Pour interpréter Takeshi Kovacs, Byron Mann (Arrow), Will Yun Lee (The Wolverine) et Joel Kinnaman (RoboCop) offrent tous d’excellentes performances, surtout Kinnaman qui se donne corps et âme pour ce rôle. Cependant, il est facile de constater que les acteurs n’interprètent pas le personnage de la même façon, ce qui retire du réalisme à ce que tente d’accomplir Altered Carbon. Rien à redire sur le reste de la distribution qui est de haut calibre avec des interprétations géniales et parfaites. Cependant, pour revenir à un point mentionné plus haut, la présence de Dichen Lachman est une erreur en soi. L’actrice, bien que parfaite dans son rôle, reprend vaguement un personnage qu’elle a déjà joué dans une populaire série de Marvel, avec des thèmes et des revirements étrangement similaires. Même si les deux émissions sont radicalement différentes et ses deux personnages ont des actions radicalement opposées, la présence de l’actrice rend la seconde moitié de la série prévisible, pour une certaine portion des spectateurs qui réussiront, avec facilité, à deviner chacun des revirements et l’issue du combat final entre Kovacs et le grand méchant d’Altered Carbon. Une erreur qui n’est aucunement de la faute à Lachman, mais à des scénaristes peu inspirés et à un choix trop évident dans le casting de son personnage.
Si la première saison d’Altered Carbon de divise en deux sections aux qualités et défauts opposés, nous ne pouvons nier qu’elle réussit grandement à attendre ses ambitions. Nous avons ici un divertissement intelligent qui questionne l’essence même de l’humanité et de la religion, avec un fond de scènes d’action sanglantes et de nudité jamais gratuite. Déjà renouvelée pour une seconde saison, nous ne pouvons qu’espérer qu’Altered Carbon saura se renouveler pour une nouvelle vague d’épisodes que nous attendons avec impatience.
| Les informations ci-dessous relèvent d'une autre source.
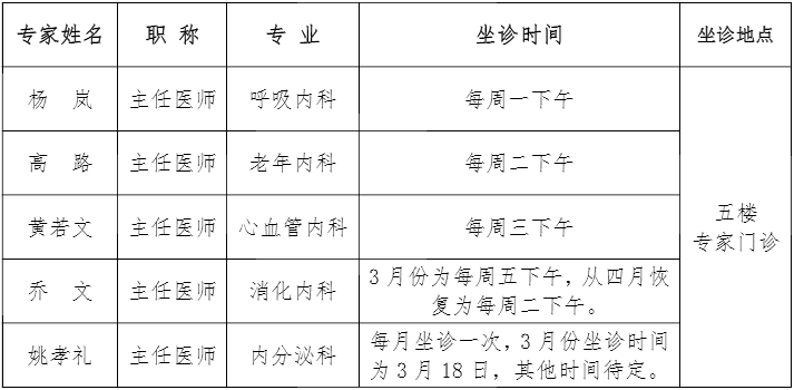 为了满足大家的就医需求,从3 月 4 日起,交大一附院专家来院坐时间诊恢复正常。坐诊时间安排如下:
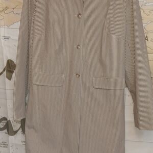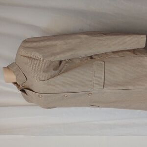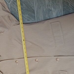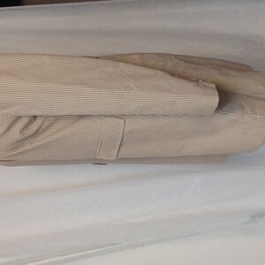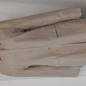 Elevate your wardrobe with this stylish striped tan jacket Blazer. Perfect for any occasion, this coat offers both comfort and elegance.
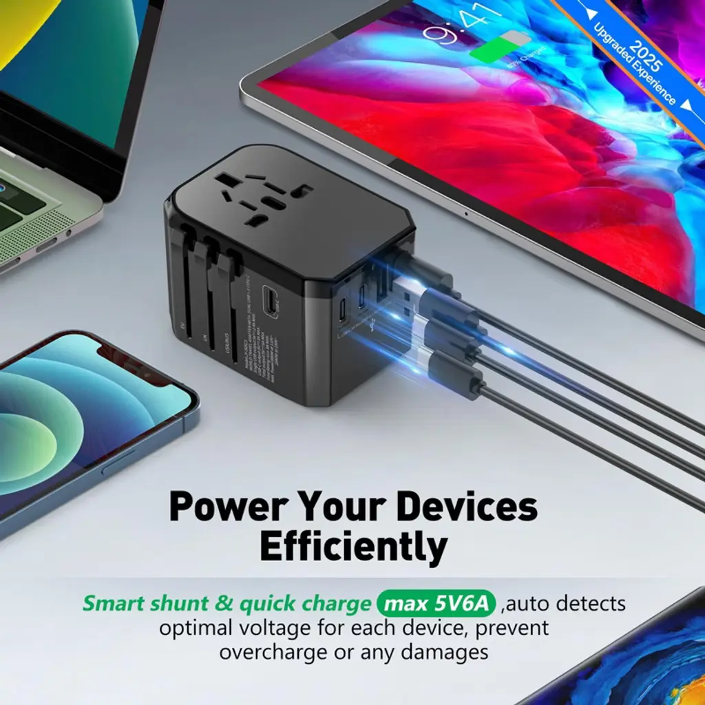Discover the ultimate solution for global charging needs - a universal travel adapter. This all - in - one adapter is compatible with over 200 countries, featuring EU/UK/AUS/US plugs. With a 2000W high - power capacity and a 100V - 250V wide voltage range, it can support most dual - voltage and high - power devices. Charge up to 6 devices at once with 3 USB - C, 2 USB - A ports, and an AC outlet. It's made of premium fireproof material and has an auto - resetting fuse for safety. Although it's not a voltage converter, just ensure your device supports dual voltage. Lightweight and compact, it's an ideal companion for business trips, student travels, or globetrotting adventures, bringing you convenience wherever you go.
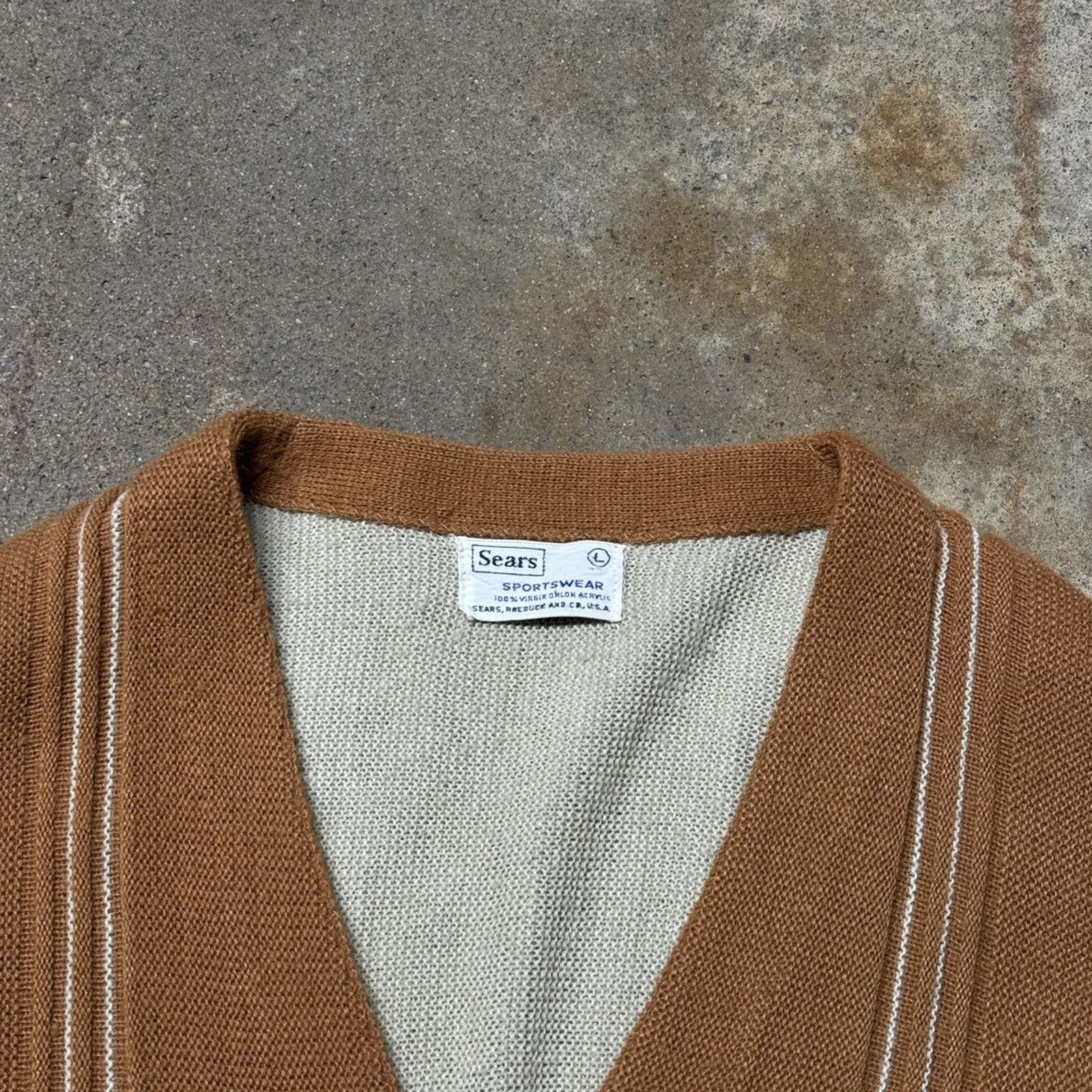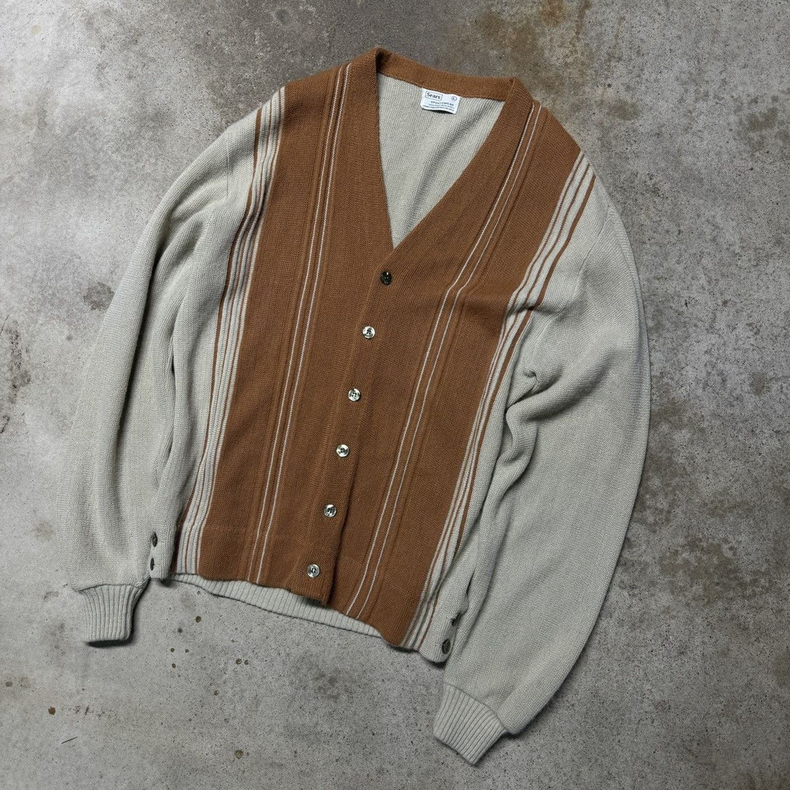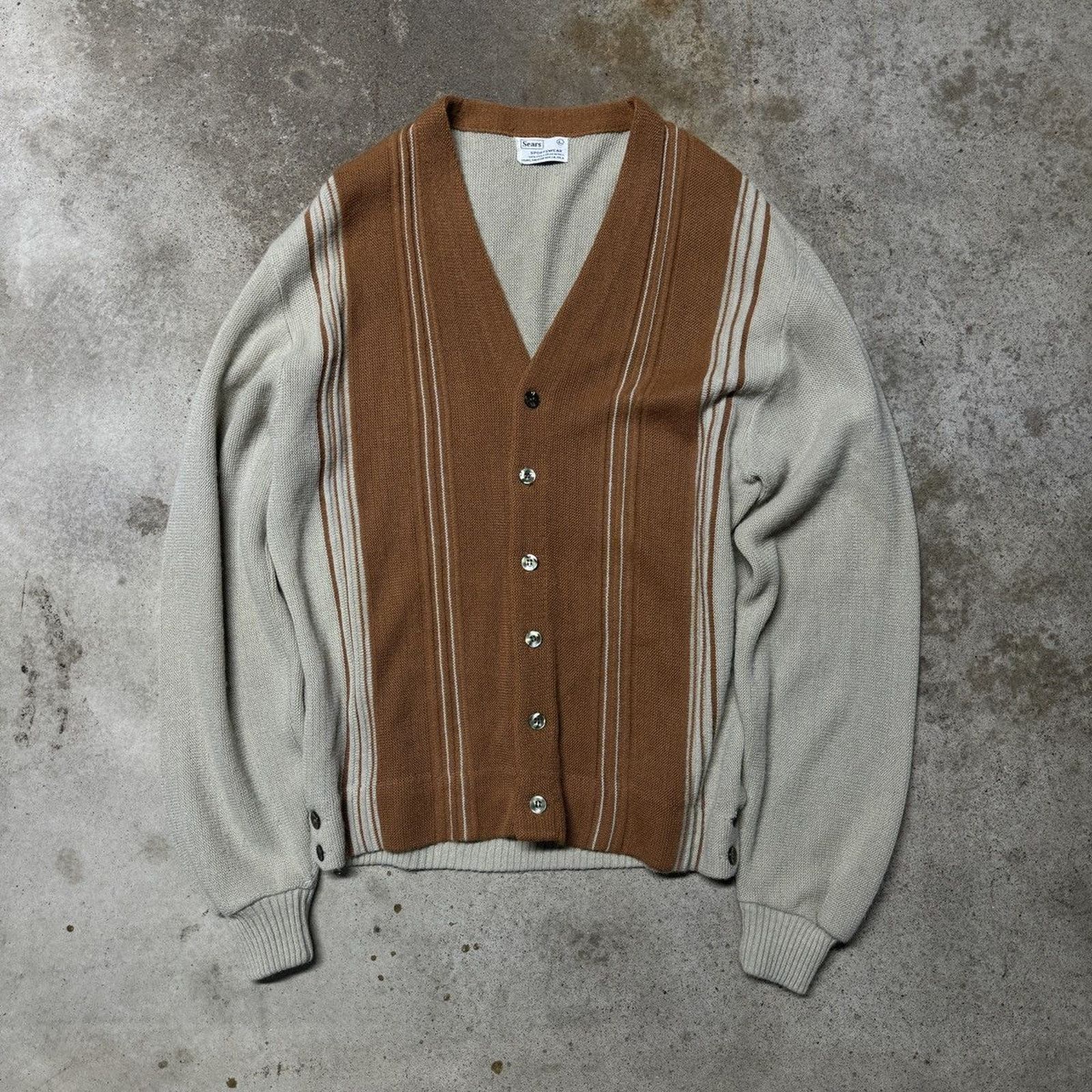 1960s 1970s Sears Striped Acrylic Cardigan Sweater

Créée par : Laeta Kalogridis

Diffusée sur : Netflix

Avec : Joel Kinnaman, James Purefoy, Martha Higareda, Chris Conner, Dichen Lachman, Ato Essandoh, Kristin Lehman, Trieu Tran, Renée Elise Goldsberry, Hiro Kanagawa, Tamara Taylor, Will Yun Lee, Byron Mann

https://www.youtube.com/watch?v=dhFM8akm9a4

Altered Carbon - Saison 1 (2018)
3.8

Résumé

Altered Carbon est une série visuellement spectaculaire. Son histoire n’est peut-être pas parfaite, mais elle divertit amplement.